Stories about couples infidelity told by a famous film director, a bestselling author, or a neighbor are infinite. What makes a person behave this way? Who’s to blame? We often ask these questions when we hear about another betrayal.
We gathered psychologists’ points of view and the results of scientific experiments that talk about the circumstances that increase the risk of infidelity. Read the article and you might have fewer questions about this topic.
1. Absence of emotional intimacy
The inability to have heart-to-heart conversations with a partner and the lack of support push both women and men to cheat. There’s a stereotype that the main motive for a man is sex. But in his book The Truth about Cheating, marriage counselor Gary Neuman says that 47% of his male clients who cheated talked about the absence of emotional intimacy.
The situation gets more difficult because men don’t like to show their feelings and women can miss the fact that her beloved needs support. She might notice it way later or even ignore it.
2. Influence of experience and society
If a person has already had experience with infidelity during their previous relationship, there is a huge probability that they will act the same with a new partner. It’s interesting that people around also influence one’s tendency toward infidelity. In one anonymous poll, more than 75% of men who committed adultery indicated that their friends also cheat on their wives.
3. Boring intimate relationship
The lack of bright new emotions in one’s sex life is the reason why 70% of men and 49% of women decide to cheat. It should be noted that the people who answered above also said that their relationships were happy in general: without any big scandals and other disappointing issues.
4. Vulnerability because of the quarter-life crisis
Everyone has a moment in life when we start summing up the overall results of the past years. Some people conclude that everything is just fine and others start experiencing the so-called quarter-life crisis and might become vulnerable to temptation. The research shows that it usually happens at the age of 29, 39, or 49 — just before the new decade.
Of course it doesn’t mean that a good family man and a loving husband suddenly cheats as soon as he turns 39. One’s age is just an accompanying factor that can worsen other circumstances that make people cheat.
5. Excessive interest in social networks
In couples where one of the partners devotes too much time to Twitter or other social networks, the risk of infidelity rises. Because social network addicts can easily wake up earlier or go to bed later leaving their beloved all alone just to scroll their feeds.
Virtual relationships can cause arguments and virtual communication can become real. Both factors create a favorable environment for adultery.

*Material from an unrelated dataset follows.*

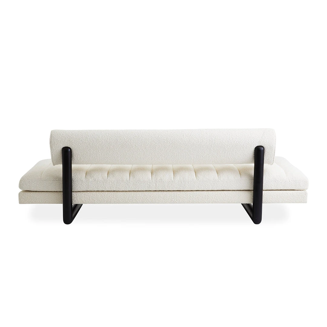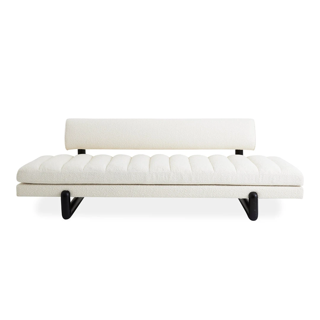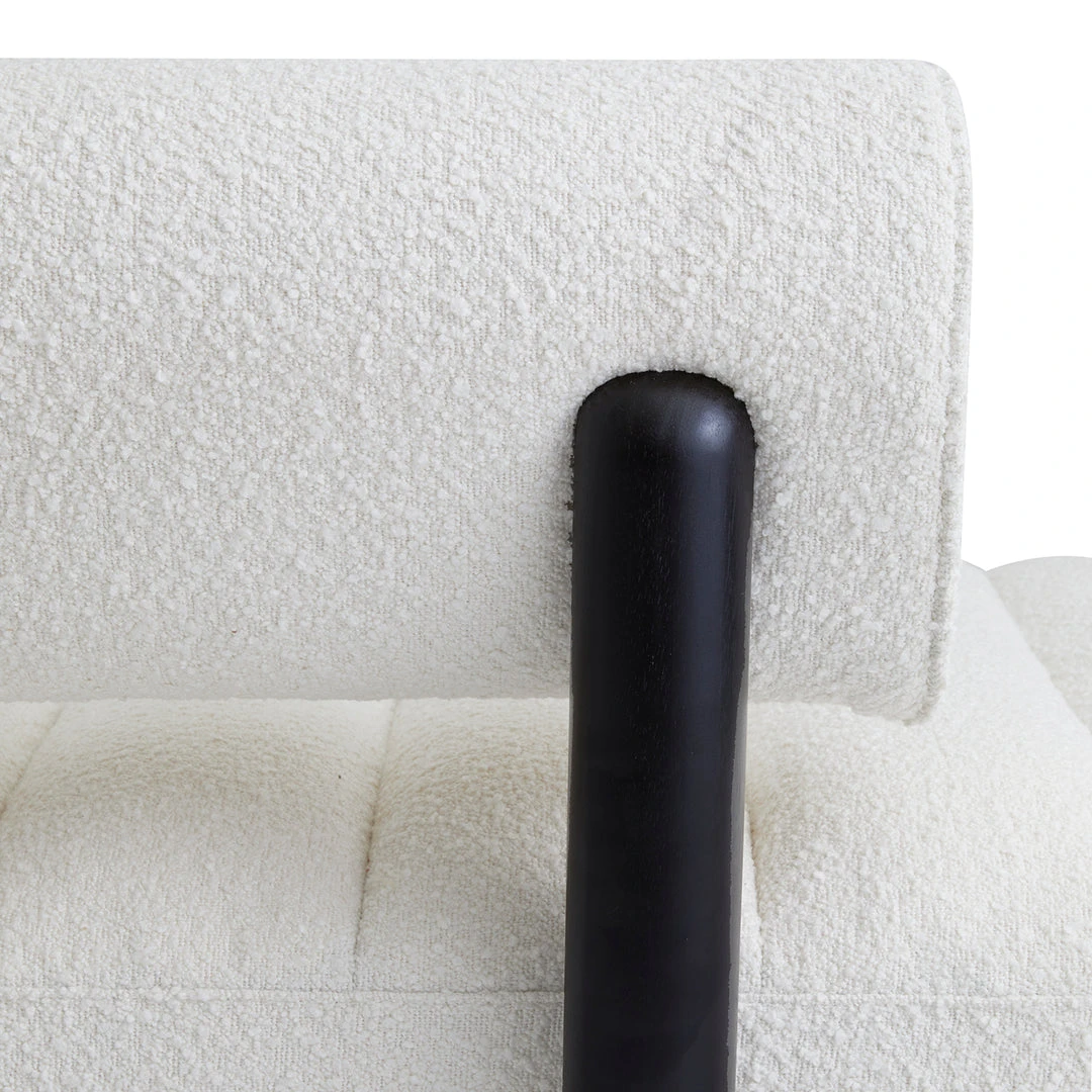 We’ve reimagined our angled Aspen Sofa as a shorter length slipper sofa. An exploration of the lozenge form, reflected by the tubular shape of the ebonized legs and floating back cushion. Channeled upholstery in ivory bouclé adds to the architectural intrigue.

6. Work and business trips
According to one of the polls on this topic, more than 1/3 of cheating men are serious businessmen who used to cheat on their beloved women during business trips. And 13% of women have had an affair at work. The possibility of cheating at work rises during years 6-9 of marriage: these years are the most fragile and generally demand a lot of effort.
7. Lack of oxytocin
Oxytocin, also called the hug hormone (it rises when we hug and kiss), plays an important role in creating and keeping the trust in a relationship. Scientists think that the lack of this hormone can become a trigger when it comes to cheating.
In one experiment, several married men were injected with oxytocin, got acquainted with an attractive woman, and told they could get as close to her as they wanted. Participators that got a hormone dose insisted on a bigger distance between them and the woman than those who got a placebo.
8. I just can’t choose another way
There are people that can’t just imagine their life without the adrenaline buzz that accompanies cheating. Regardless of age, experience, and other criteria, these people cheat and justify themselves saying that they can’t behave in any other way.
Real reasons for this behavior vary and they can be hidden deep inside emotionally. The truth is, it’s very difficult, and almost impossible, for some people to be monogamous.
Specialists indicate that generally it’s the set of listed factors that becomes the reason for cheating, not just one of them. Besides, some couples don’t break up after that and try to save their marriage. And some marriages become even stronger.
What do you think? Is there any possible reason to forgive infidelity?